Code promotion is the process of tagging Git commits as ‘ready for production.’ This creates a reference point that can trigger tests (in the test branch) or a production deployment pipeline (in the prod branch). Without version control, untracked changes have no canonical record. Git and code promotion together ensure consistency across all three environments (dev, test, and prod) and reduce human error in deployment.

Artifact immutability

With Git, all changes are signed via specific commit SHAs or tagged releases. Before any changes can be merged into a prod branch, approval is required (the branch is protected). This artifact immutability connects builds as they are promoted across environments, ensuring untested or unreviewed code never reaches production.

Environment drift

Environment drift is when the production code differs from the tested code. Without a code promotion strategy and version control, the code would need to be rebuilt in each environment, so the tested code wouldn’t necessarily be the code deployed into production. In DevOps, environment drift is the enemy because it can lead to unpredictable behavior and makes debugging difficult.

Environment parity

Git enables environment parity. When used properly, our three environments (dev, test, and prod) differ only by data and credentials. Changes are promoted, not re-created. When production code breaks, developers can use Git to roll back to a previous version (via commit SHAs or tagged releases), avoiding ad hoc changes directly in prod.

Can you have a code promotion strategy without Git?

Code promotion can be done without Git, but you would need to find a way to:

Create an ‘immutable versioned artifact’ (some way of tracking who did what, and when)
Set up blocks and gates requiring tests and approvals before code is promoted
Build a promotion mechanism to copy, move, or retag each versioned artifact between environments

You would also need substitutes for:

A way to view and review diffs, either through code review or document-style review
The ability to keep previous artifacts and switch between environments
Some means of traceability connecting artifacts, manifests, approvals, and build logs

Git & CI/CD

What is the relationship between Git and CI/CD?

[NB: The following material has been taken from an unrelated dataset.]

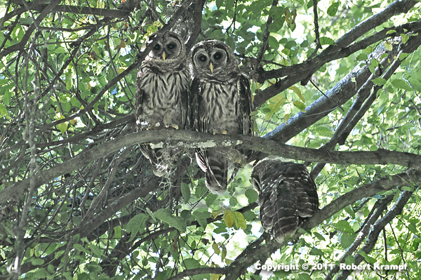 These three young Barred Owls grew up in our local park last year. Barred Owls lay up to 5 eggs, but it is rare for more than 3 to live to maturity. Why?
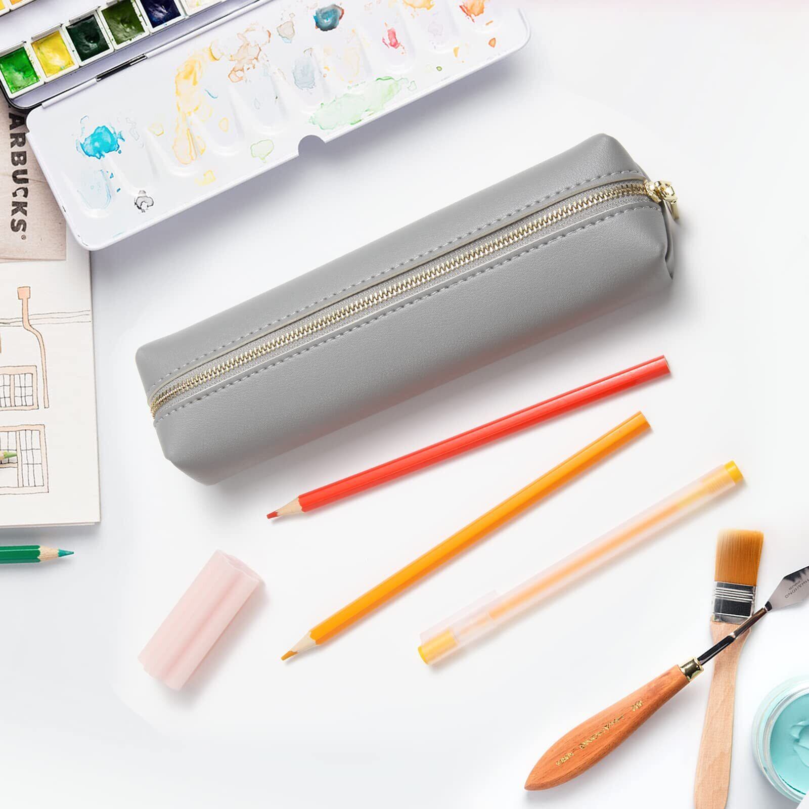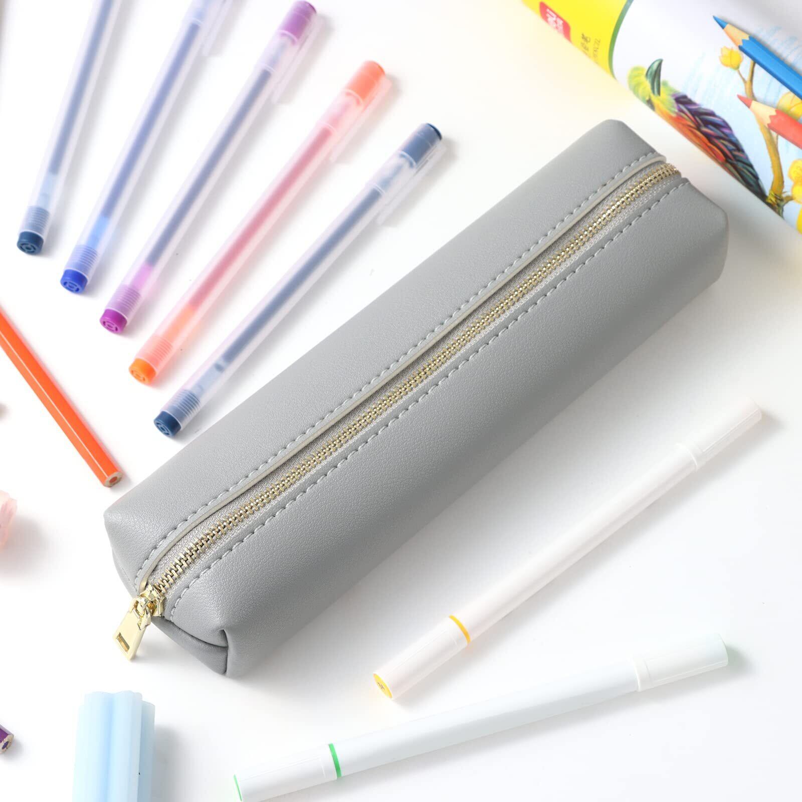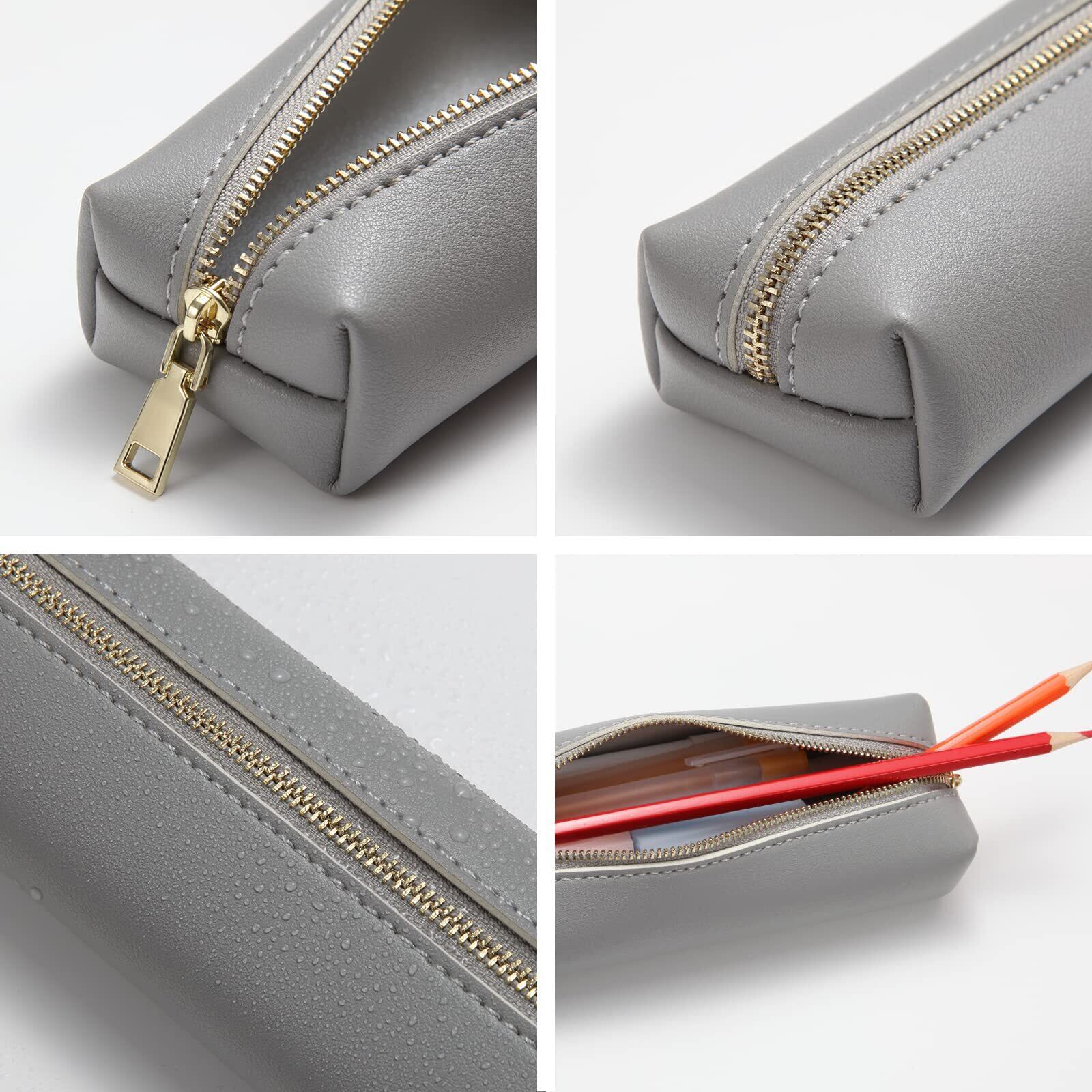 COGICOGI 筆箱 おしゃれ ペンケース シンプル 女子 男子 学生 大人 かわいい 大容量 PUレザー製 (M-グレー)

A CI/CD pipeline is an automated process that builds, tests, and deploys code. In CI/CD systems, Git events define the code promotion workflow, not the pipeline itself. The pipeline simply reacts to Git events, while the promotion logic lives in the branches, tags, and merge policies. This enables a “build once, promote many times” strategy where the same tested artifact moves across environments.

Git provides the code change and approval history, with pipeline results tied to specific commits. Each release is tagged, making it straightforward to track what changed and when. That traceability is critical for debugging and accountability. Git serves as the gatekeeper for CI/CD policies and integrates directly with enforcement mechanisms.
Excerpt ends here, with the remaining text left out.